Alright, with those fundamentals established, let's switch back to how a potentially uneducated consumer thinks about Model Context Protocol servers. They start their journey by doing a Google search for "best MCP servers", and they include side:reddit.com
in their query.
Currently, this is the top post for that Google search query....

That's eight MCP servers. Seems innocent, right? Well, it's not.
Suppose you were to install the recommended MCP servers found in that Reddit post and add in the JetBrains MCP.
Your usable context window would shrink from 178,000 usable to 84,717 usable.

And here's the problem: People are installing and shopping for MCP servers as if they're apps on their iPhone when the iPhone first came out. iPhones have terabytes of space. The context windows of all these LLMs are best thought of as if they were a Commodore 64, and you only have a tiny amount of memory...
So we have gone from 178,000 usable to 84,717 usable just by adding the reddit suggestions and the JetBrains MCP but it gets worse as that's the usable amount before you've added your harness configuration.
If your AGENTS.md, or Cursor rules are incredibly extensive, then you could find yourself operating with a headroom of 20k tokens and thus the quality of output is utter dogpoo.
I've come across stories of people installing 20+ MCP servers into their IDE. Yikes.
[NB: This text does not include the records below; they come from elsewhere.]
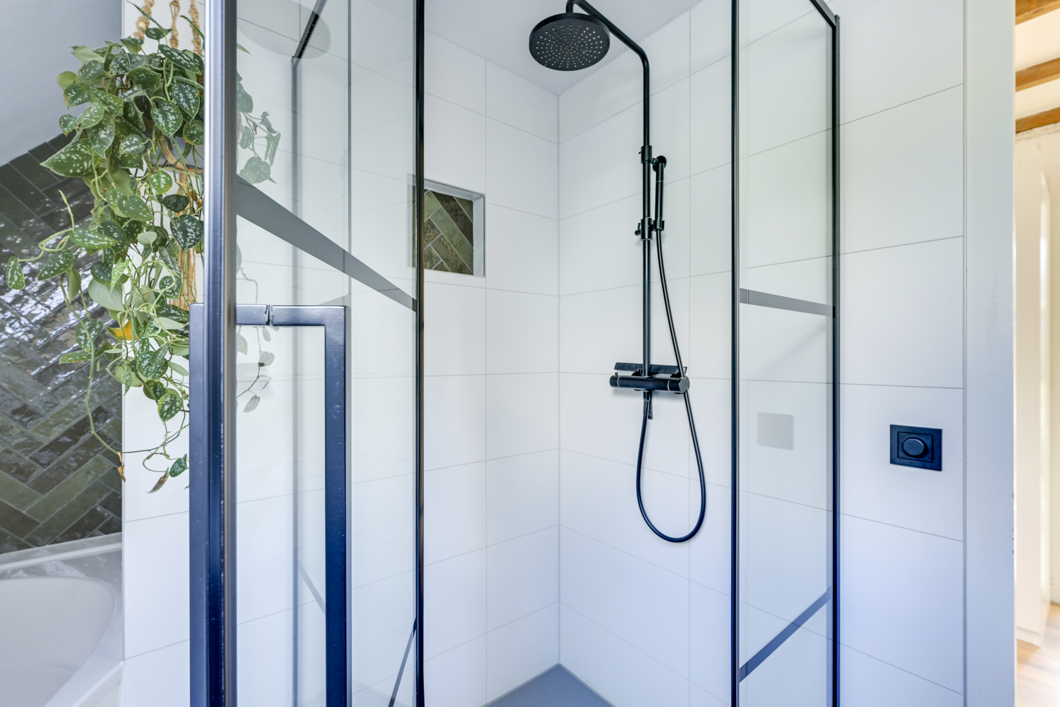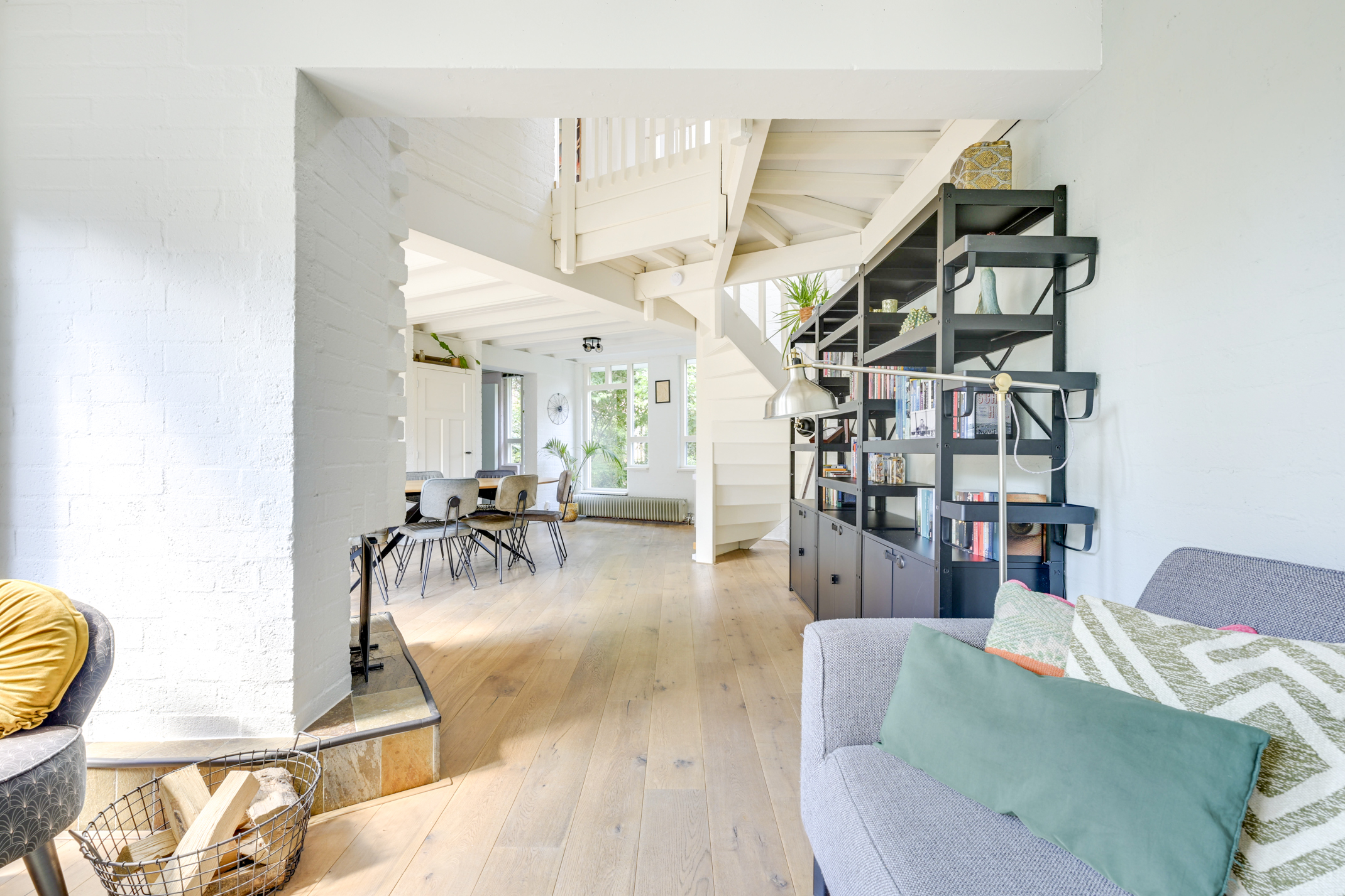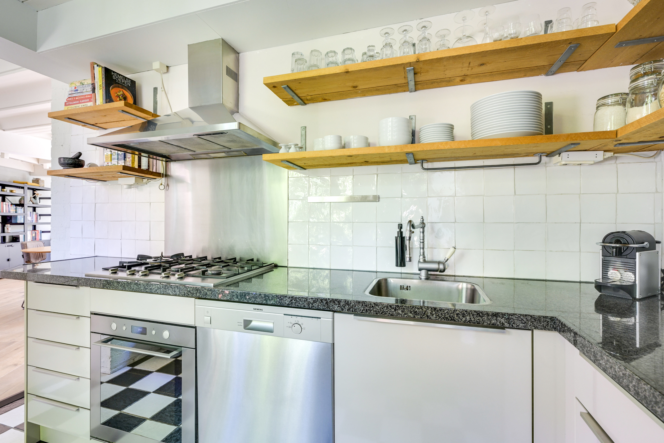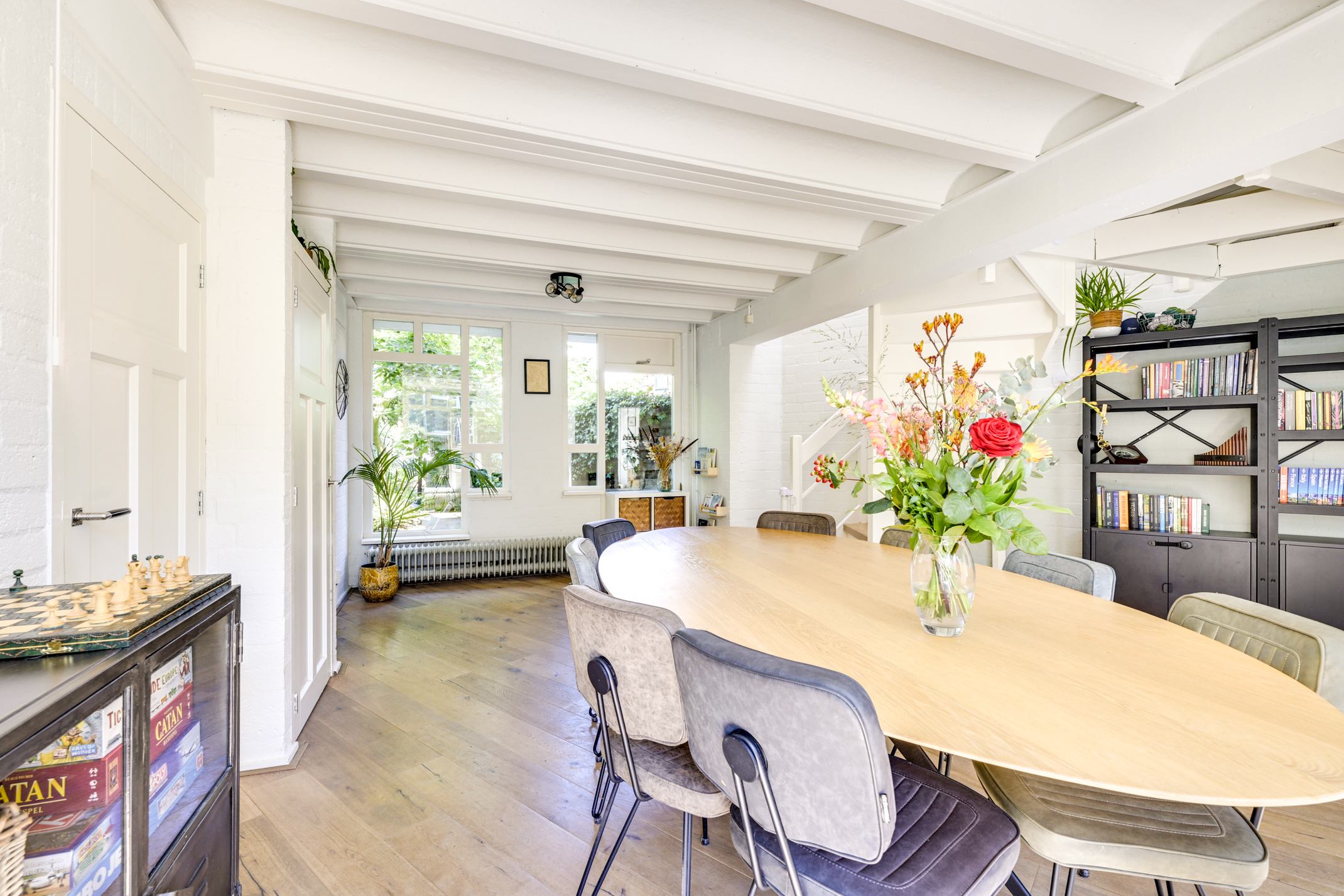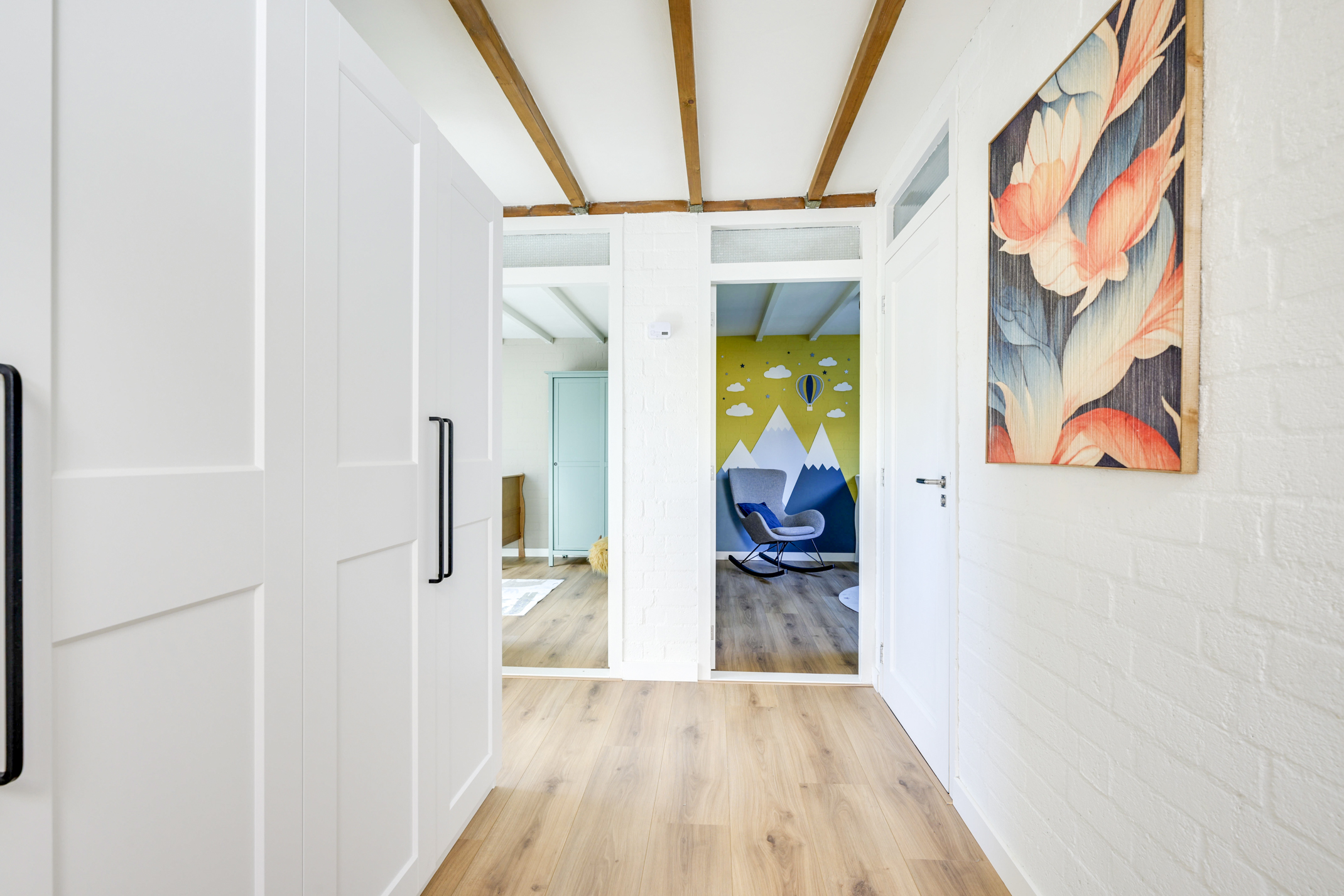Vernieuwde hal met meterkast, moderne toiletruimte met hangend toilet, toegang naar de inpandige berging en woonkamer. Via mooie paneeldeur toegang naar de ruime en speelse woonkamer. Door de vele raampartijen is er een lichte en prettige woonkamer ontstaan. De woonkamer is circa 48m2 en biedt u de mogelijkheid om verschillende indelingen te maken. De woonkamer is voorzien van een vergrijsde eikenvloer, openhaard en vide partij. Tevens heeft de woonkamer op 2 verschillende plaatsen een deur voor gemakkelijke toegang naar de voortuin. Aansluitend is de halfopen keuken gesitueerd welke is voorzien van een moderne, L-vormige inbouwkeuken met de diverse inbouwapparatuur. Vanuit de keuken heeft u toegang tot de tuin.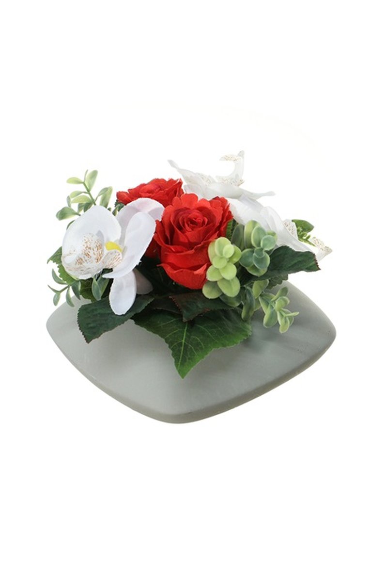 Květinové aranžmá umělá orchidej Phalaenopsis, Rose DITTE, dekorační květináč, červeno-bílá, 12cm, Ø21cm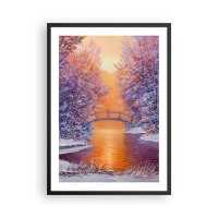 Affiche - Poster - Paysage d'hiver avec un pont et le soleil couchant reflété dans la rivière - 50x70cm - On se rencontre ici - Décoration murale moderne pour le salon et la chambre ARTTOR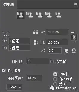 2、还可应用在两幅图像模式相同的图片上。通常需要进入“仿制源”面板,调整相关参数。有关知识请参阅《仿制图章工具》。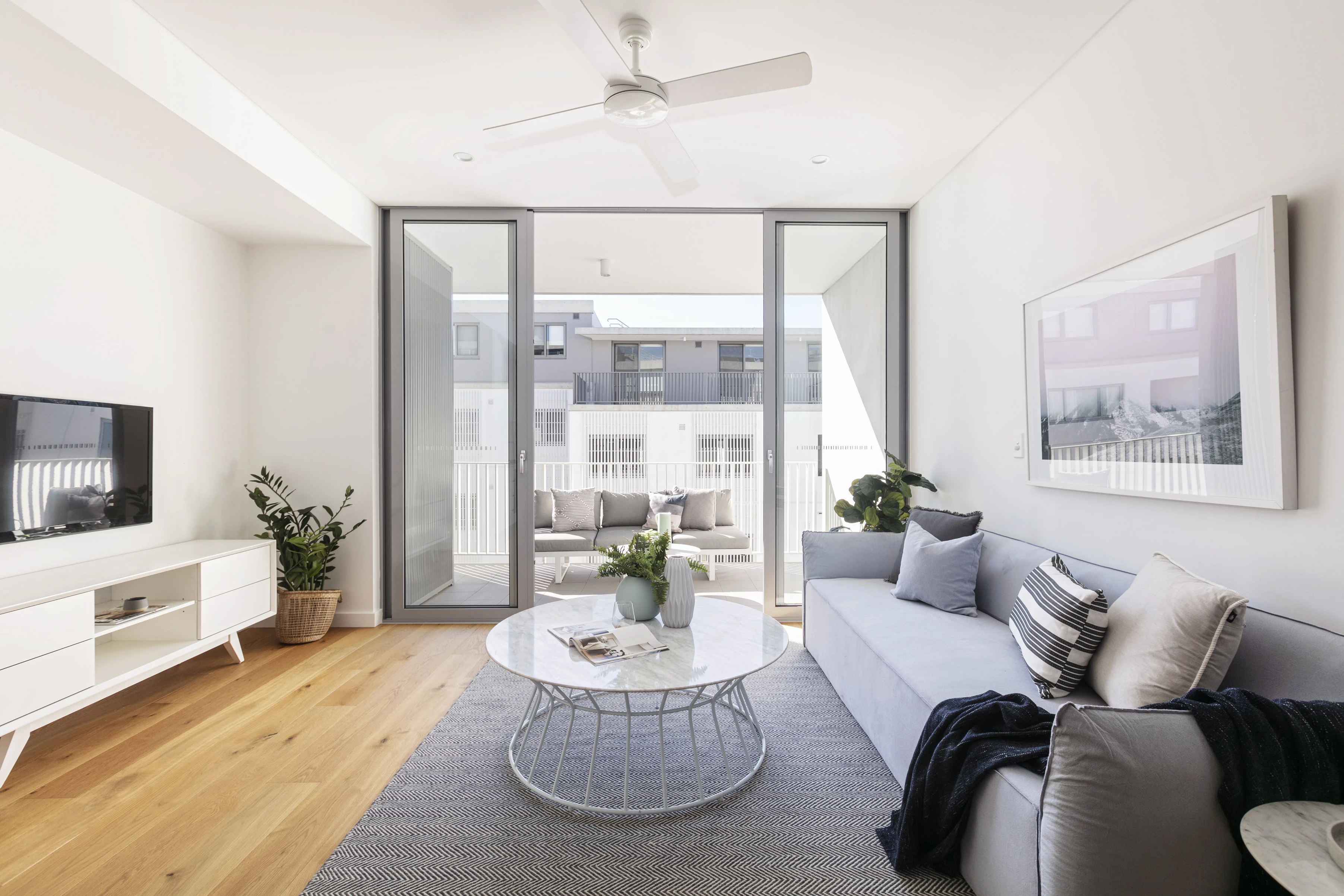 - Balconies off living & bed + district views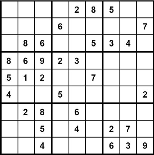 Completeu el taulell, dividit en nou quadrats, omplint les cel·les buides amb un número de l’1 al 9, sense repetir cap número en una mateixa fila ni en una mateixa columna, ni dins de cada quadrat.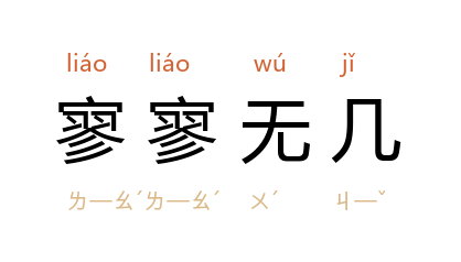 寥:稀少;很少;无几:没有几个。形容非常稀少;没有几个。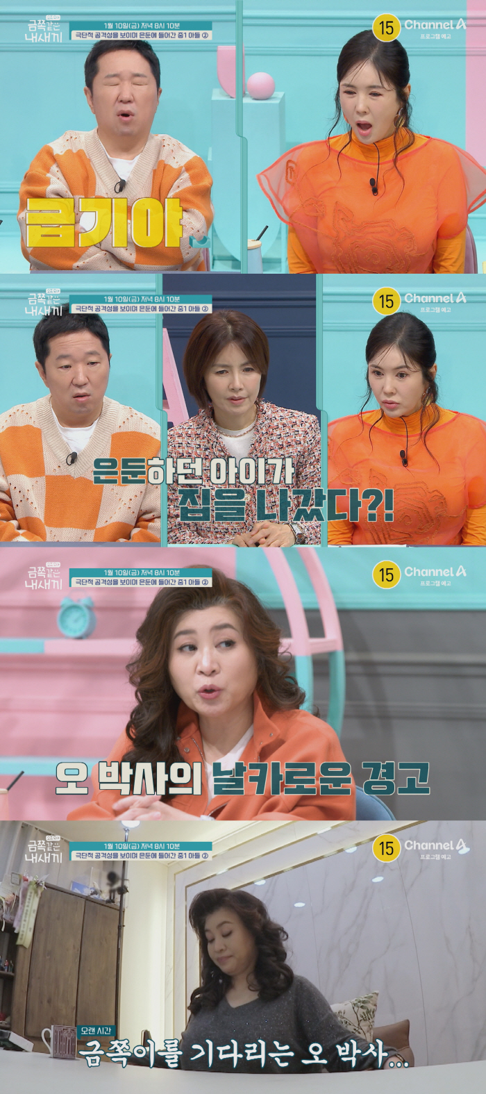 [스포츠조선닷컴 이게은기자] 채널A '요즘 육아 - 금쪽같은 내 새끼'에서는 '극단적 공격성을 보이며 은둔에 들어간 중1 아들' 그 두 번째 사연이 공개된다.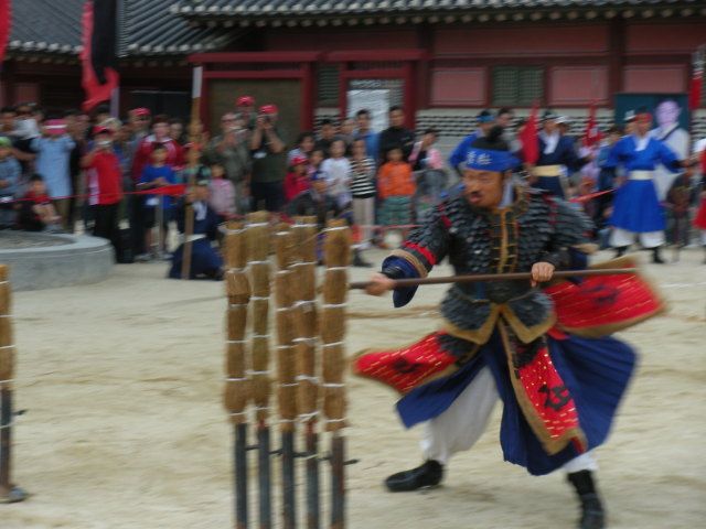 このツアーで一番見たかった伝統武芸が雨のため中止になって、本当に残念でした。ただ、韓国民俗村で、綱渡りや打楽器の演奏が見られるように、ガイドさんが時間調節をしてくれて、とてもよかったです。

LLMs work by needle in the haystack. The more you allocate, the worse your outcomes will be. Less is more, folks! You don't need the "full context window" (whatever that means); you really only want to use 100k of it.
Refer to the Ralph blog post below for guidance on driving the main context window, similar to a Kubernetes scheduler, and managing other context windows through automatic garbage collection.

Once you exceed 100,000 allocations, it's time to start a new session. It's time to start a new thread. It's time to clear the context window (see below).


The critical questions that you have to ask are:
- How many tools does an MCP server expose?
- Do I actually really need an MCP server for this activity?
- What is in the billboard or the tool prompt description?
- What about security?
how many tools does an MCP server expose?
It's not just the amount of tokens allocated, but also a question of the number of tools - the more tools that are allocated to a context window, the greater the chances of driving inconsistent behaviour in the coding harness.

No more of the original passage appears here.